The results of Hawking and his students are based on 
the topology of a continuum 4-dimensional spacetime, 
in which the pairs of virtual black holes are due 
to S2xS2 structures of the second homology group, 
the first being excluded by requiring simply-connected spacetime 
and the third being excluded by Poincare duality with the first. 
 
The S2xS2 bubbles represent virtual black holes appearing and 
disappearing in pairs, just as 
a Euclidean electron moving in a circle in an electric field can 
be analytically continued to a Minkowski electron-positron pair 
accelerating away from each other in the electric field.  
Effectively, the electron tunnels through Euclidean space 
and emerges as a pair of real particles in Minkowski space. 
(see particulary pp. 4-5 of their paper).  
 
Bousso and Hawking have described, 
with respect to a conventional inflationary cosmology, 
pair creation of Black Holes,  
which then produce particles and antiparticle 
by their evaporation by Hawking radiation. 
Some of their description may be relevant 
to the Expanding Instanton Cosmology of the D4-D5-E6-E7 model. 
 


Zizzi Quantum Computer Universe

In gr-qc/0304032, Spacetime at the Planck Scale: The Quantum Computer View, Paola Zizzi says:

"...[ General Structure of Quantum Computer Universe, applicable to Pre-Universe PreGeometry existing prior to 4-dimensional physical spacetime ]...

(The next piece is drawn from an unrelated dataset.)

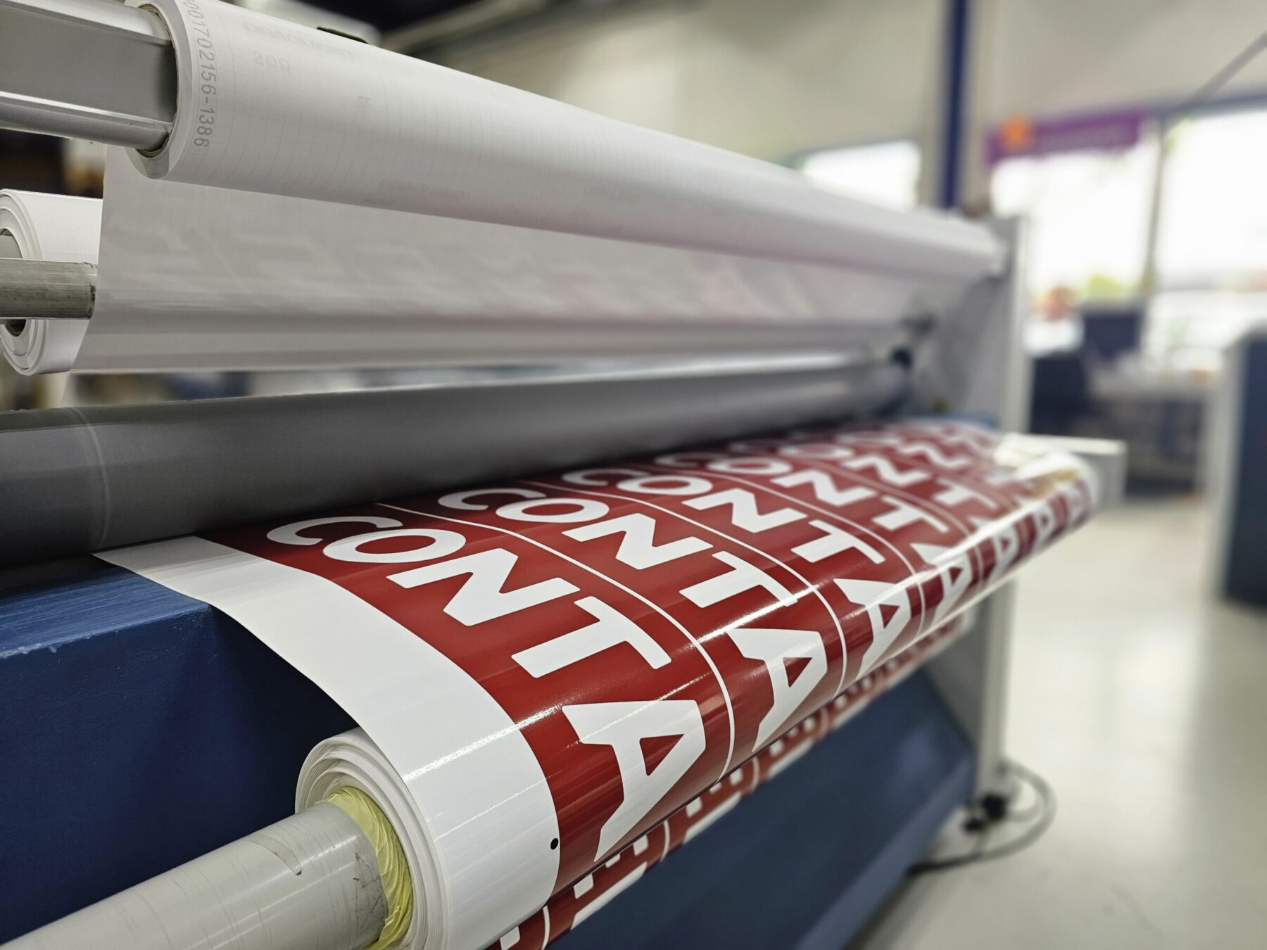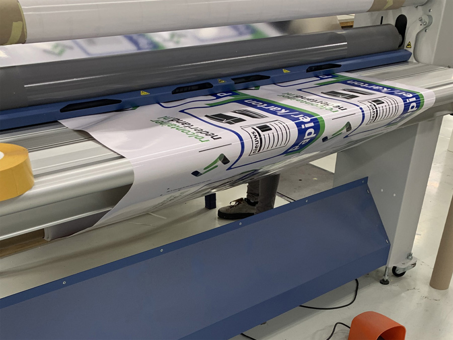 Onze lamineermachines zorgen ervoor dat meerdere lagen van gelijke of verschillende materialen aan elkaar verbonden worden. Met behulp van lamineren brengen we een transparante folielaag aan op een sign. Deze laag zorgt voor bescherming van de print tegen weersinvloeden, verkleuring en eventueel vuil.

... We assume that spacetime at the Planck scale is

  • discrete,
  • quantised in Planck units, and
  • "qubitised" (each pixel of Planckian area encodes one qubit).

Then, we formulate the Quantum Computer View of quantum spacetime. Within this model, one finds that quantum spacetime might be in a entangled state, and might quantum-evaluate Boolean functions which are the laws of Physics in their most fundamental form.

... we also include the issue of information, (more precisely quantum information) ...

... Spin networks are relevant for quantum geometry. ... spin networks are graphs ... with edges ... and vertices labeled by ...[ geometric objects related to spinors ]...

... we use the quantum version ... of the Holographic Principle ... each pixel of Planckian area, encodes a qubit ... This is a quantum memory register. To process the quantum information stored in the memory, it is necessary to dispose of a network of quantum logic gates (which are unitary operators). The network must be part of quantum spacetime itself, as it describes its dynamical evolution. The quantum memory plus the quantum network form a quantum computer (quantum computer view of quantum spacetime). In the QCV, some new features of quantum spacetime emerge:

  • i) The dynamical evolution of quantum spacetime is a reversible process, as it is described by a network of unitary operators. …
  • ii) During a quantum computational process, quantum spacetime can be in a entangled state, which leads to non-locality of spacetime itself at the Planck scale (all pixels are in a non separable state, and each pixel loses its own identity).
  • iii) As entanglement is a particular case of superposition, quantum spacetime is in a superposed state, which is reminiscent of the Many-Worlds interpretation of Quantum Mechanics ...
  • iv) Due to superposition and entanglement, quantum spacetime can compute a Boolean function for all inputs simultaneously (massive quantum parallelism). We argue that the functions which are quantum-evaluated by quantum spacetime are the laws of Physics in their most fundamental, discrete and abstract form. Moreover, as the laws are the outputs of quantum measurements, their origin is probabilistic.
  • v) By scratch space management, we find that at the Planck scale it is possible to compute composed functions of maximal depth.
  • vi) The quantum information stored and processed by quantum spacetime prevents direct tests of the Planck scale.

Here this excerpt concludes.